My second post was here.
Now, Dan has responded (full response here). I address his new comments below.
I had written: since the first decree [that Christ should die, making men savable] does not include any decree for application of the benefit of Christ's death, it actually does not mean "salvation is possible for everyone through Christ's death." In fact, it does not mean that salvation is possible for anyone at all, since it does not include any way for the benefit of Christ's death to be applied to men.
Dan responded: "This actually is somewhat of a fair comment, or at least it provides me the opportunities to clarify. When I say Christ death makes salvation possible, I don’t mean the application of Christ’s blood is unnecessary for salvation. It’s true Christ’s blood also has to be applied. What I mean is now Christ’s blood is available and can be applied."I answer: It's not even a question of the application being necessary. It's a more fundamental question. It is a question of applicability being necessary. There is no provision (yet, in the Arminian order) for the blood to be ABLE to be applied. It's just a decree to spill blood, with no apparent purpose in sight.
I had written: There is a real question about whether there is any Scriptural basis for an intent to make mankind "savable," as distinct from "saved.
Dan responded: "Hum… Intent is tricky. Normally, when we speak of intentions, we talk about the end goal, not an immediate one. Let’s say my family has colds and I go to the store, get them medicine and come back home an offer it to them. What’s my intent for going to the store? Is it getting medicine or that my family feel better? Both. Getting the medicine is an immediate goal and my family feeling better is the final goal. But it is normal to speak of that final goal as my intention. Similarly, God’s final goal in Christ’s death is salvation for everyone, but His immediate goal is provision for salvation."
I answer: The medicine analogy doesn't work in Dan's favor, but just the opposite. Here's why:a) In the analogy, the fact that I intend to get the medicine is essentially an instrumental intent for the major intent of making my family better by medicating them.
b) But, in the Arminian order of decrees, the "medicating" or "saving" is apparently NOT in sight in the decree that Christ would die.

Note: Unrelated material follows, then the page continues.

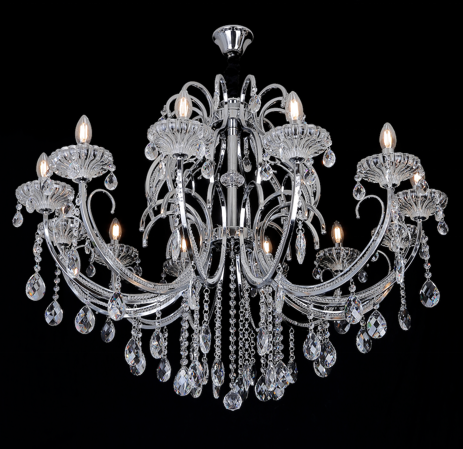 Kroonluchter 12 lichts goud met blank glas 17125-12
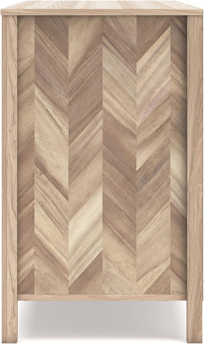 Design & materials This two-tone light brown dresser features a chevron pattern that mimics oak grain while staying affordable. Built with engineered wood (MDF/particleboard/plywood) and decorative laminate for durability that lasts.

Instead, it's as though I show up at the store planning to buy medicine, and then think to myself - "hey, some of my family is sick, I better give this to them." That's intuitively not how God's logical order would flow, and it's hard to believe that anyone would suggest such an analogy.
In fact, the (a) analogy is the one people would think of. The decree to go to the store is logically subsequent to the decree to medicate one's family, as it is the instrumental means whereby the end is carried out. First I think, "Boy I wish my family were well," and then I think, "I'll buy them some drugs at the pharmacy."
Dan continued: "As for a Scriptural basis, I would point to Christ’s intercession. It’s based on Christ’s death (John 17:4), but not the same as Christ’s death. Both Christ’s death and His intercession are necessary for justification (Romans 8:34). So it seems Christ’s death is an intermediate part of Christ’s overall work in salvation; although it’s the basis for salvation. Hence, God’s intention in decreeing Christ’s death was immediately to provide for salvation and ultimately to save."I answer: I don't follow Dan's argument here at all. I understand how one might argue that Christ's intercession is necessary for justification, and how one might therefore argue that Christ's death itself was a part of the overall work in salvation. I think such an argument would have problems if we turned to Hebrews, but even if it did not (and I'd rather not head down that rabbit trail) I don't see how that would help Dan out. In fact, it would seem to make his problem worse! The less that the death of Christ becomes in actually saving people, the less sense it makes for God to decree Christ's death without having the ultimate end in mind.
I had also written: the second decree [the decree to save anyone who believes] still seems counter to the first decree by providing a barrier to the savability of men
Dan responded: "I don’t think it should be called a barrier. In the medicine example above, would anyone say that my coming home from the store with medicine and calling out to my family, “if you want some, come and get it” a barrier to their feeling better?"I answer: It would, if your medicine was an adrenaline shot and your family were sick from an overdose. It would be a practically insurmountable barrier in that instance. It is a barrier here also, and an insurmountable one too unless there is a decree to give grace (which there isn't yet, in the Arminian order). And unless that grace is irresistible (which it isn't in the Arminian system) again there is a barrier, however small it may be even after the further decree to give "prevenient grace."
Dan continued: "Hum… Perhaps you were addressing a difference sense for “savable” than the one I intended. Does my response above help with this as well?"I'm not sure. It doesn't appear (to me) to address the inherent conflict in the Arminian order of decrees, which is the fundamental problem that seems to prevent it from being a reasonably acceptable position.